▶ [Excerpted data]:
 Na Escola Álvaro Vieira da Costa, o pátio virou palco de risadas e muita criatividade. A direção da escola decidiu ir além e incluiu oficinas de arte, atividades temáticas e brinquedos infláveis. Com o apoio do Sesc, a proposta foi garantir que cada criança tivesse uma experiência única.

--

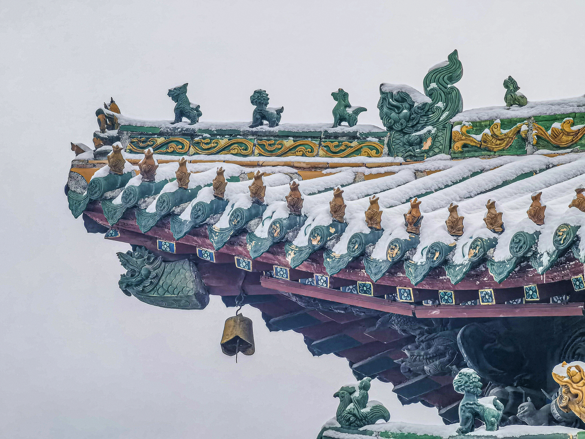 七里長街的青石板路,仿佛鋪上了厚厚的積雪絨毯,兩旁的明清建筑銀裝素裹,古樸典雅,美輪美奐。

* * *

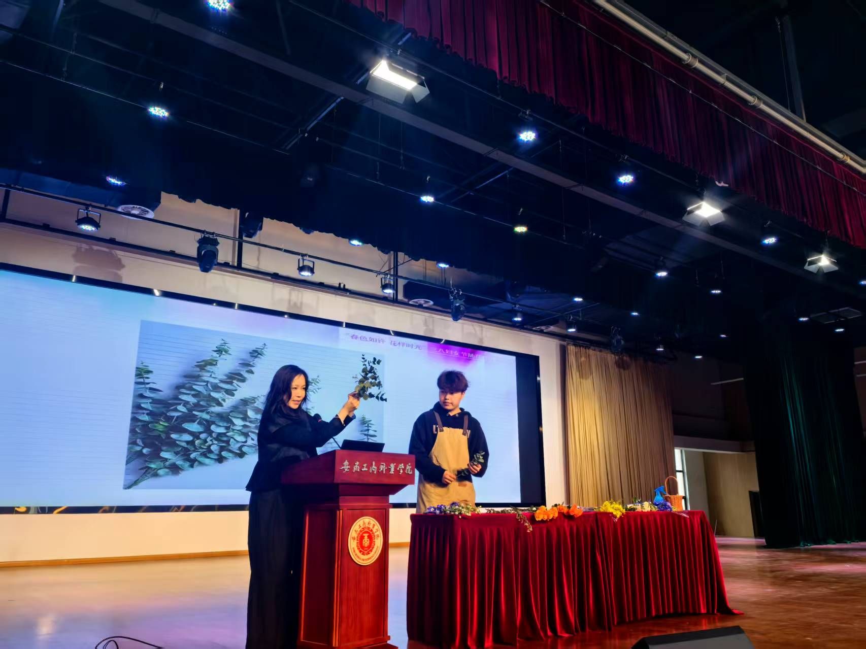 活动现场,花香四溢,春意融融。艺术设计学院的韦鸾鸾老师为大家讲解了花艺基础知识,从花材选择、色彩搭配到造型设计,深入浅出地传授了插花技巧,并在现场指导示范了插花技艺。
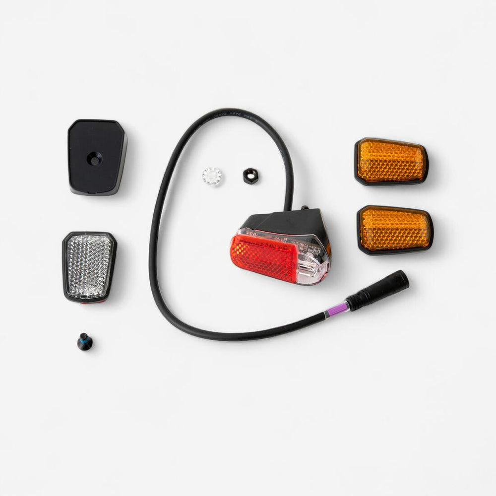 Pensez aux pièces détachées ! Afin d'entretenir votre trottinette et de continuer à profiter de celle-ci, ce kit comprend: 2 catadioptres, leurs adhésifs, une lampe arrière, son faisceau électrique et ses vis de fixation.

▶ [Required action]:
Working from the data above, repeat exactly, and only, the lines that begin at the line containing "活动现场,花香四溢,春意融融" and stop after the line containing "Pensez aux pièces"; pictures are not copied.

▶ [Response for this exercise]:
 活动现场,花香四溢,春意融融。艺术设计学院的韦鸾鸾老师为大家讲解了花艺基础知识,从花材选择、色彩搭配到造型设计,深入浅出地传授了插花技巧,并在现场指导示范了插花技艺。
 Pensez aux pièces détachées ! Afin d'entretenir votre trottinette et de continuer à profiter de celle-ci, ce kit comprend: 2 catadioptres, leurs adhésifs, une lampe arrière, son faisceau électrique et ses vis de fixation.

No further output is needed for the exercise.